A WEEK of rain has provided the chance to clear accumulated cuttings and notes from the desk.

So while the plants have been enjoying an end of March drunken orgy imbibing cool fresh rain I have rediscovered the following snippets of information that could be of interest to readers.

  1. The proposed EU seed regulation that was to restrict the free or charged exchange of non-officially registered flower fruit and vegetable seeds has been withdrawn after negative responses by gardening and organic gardening organisations.

One of the things it would have done is to make it difficult to obtain heritage seeds that had never been seriously commercialised by the agricultural and horticultural industries.

But we now need to wait to see what modified legislation is proposed.

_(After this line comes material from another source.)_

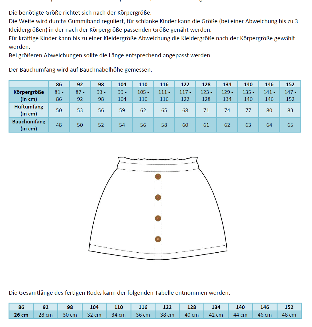 Das Schnittmuster ist ideal für Webware wie Baumwolle, Musselin, Cord oder leichte Jeansstoffe. Auch Jersey oder Sweatstoffe sind eine Alternative, wenn du einen besonders bequemen Rock nähen möchtest.

  2. Ensure that you have sheltered places for enjoying the winter sun as it has been recently determined that many persons are seriously undernourished in Vitamin D, in fact by up to 90 per cent if following currently the widely recommended daily amounts, RDA.

The magazine WDDTY suggests that regular short sunbathes without suntan lotion appear to be the best way of regularly topping up Vitamin D reserves.

  3. A recent press statement suggested that since some sectors of the agricultural industry in Spain make a profit EU grant aided support to Spain will be reduced.

This could lead to a further contraction in the availability of a diversity of healthy freshly harvested ecologically produced vegetables and herbs to the general public.

So the message continues to be grow your own.

Nothing has really changed since we were stimulated to write the two best selling books ‘Growing healthy fruit in Spain’ and ‘Growing healthy vegetables in Spain’ some 15 years ago.

  4. A recent report ‘Organic versus non-organic’ sponsored by the Soil Association, one of the most important licensing organisations for organic agriculture, concludes that organically grown produce contains a greater percentage of beneficial antioxidants and lower levels of undesirable cadmium (an undesirable heavy metal) and pesticide residues and are therefore of a higher nutritional value.

So again, if you are concerned about the way your food is grown, processed, transported, stored and displayed for sale consider growing some of your own alone or in cooperation with neighbours or other members of the family, as used to happen widely in Spain.

Due to the absence of organic produce in local wholesale markets our local green grocer has started to grow organic vegetables for sale in his store and for his brother’s Michelin Star restaurants.

Interestingly Raymond Blanc who grows several acres of vegetables and herbs for the kitchen of his renowned and extremely expensive Belmond Le Manoir aux Quatre Saisons Restaurant in Oxfordshire is a vice president of the Garden Organic organisation (originally the HDRA organisation).

I hope that some of this up-to-date information is of interest and use to you.

Also that your garden is both colourful and productive for what I hope is a sunny Easter.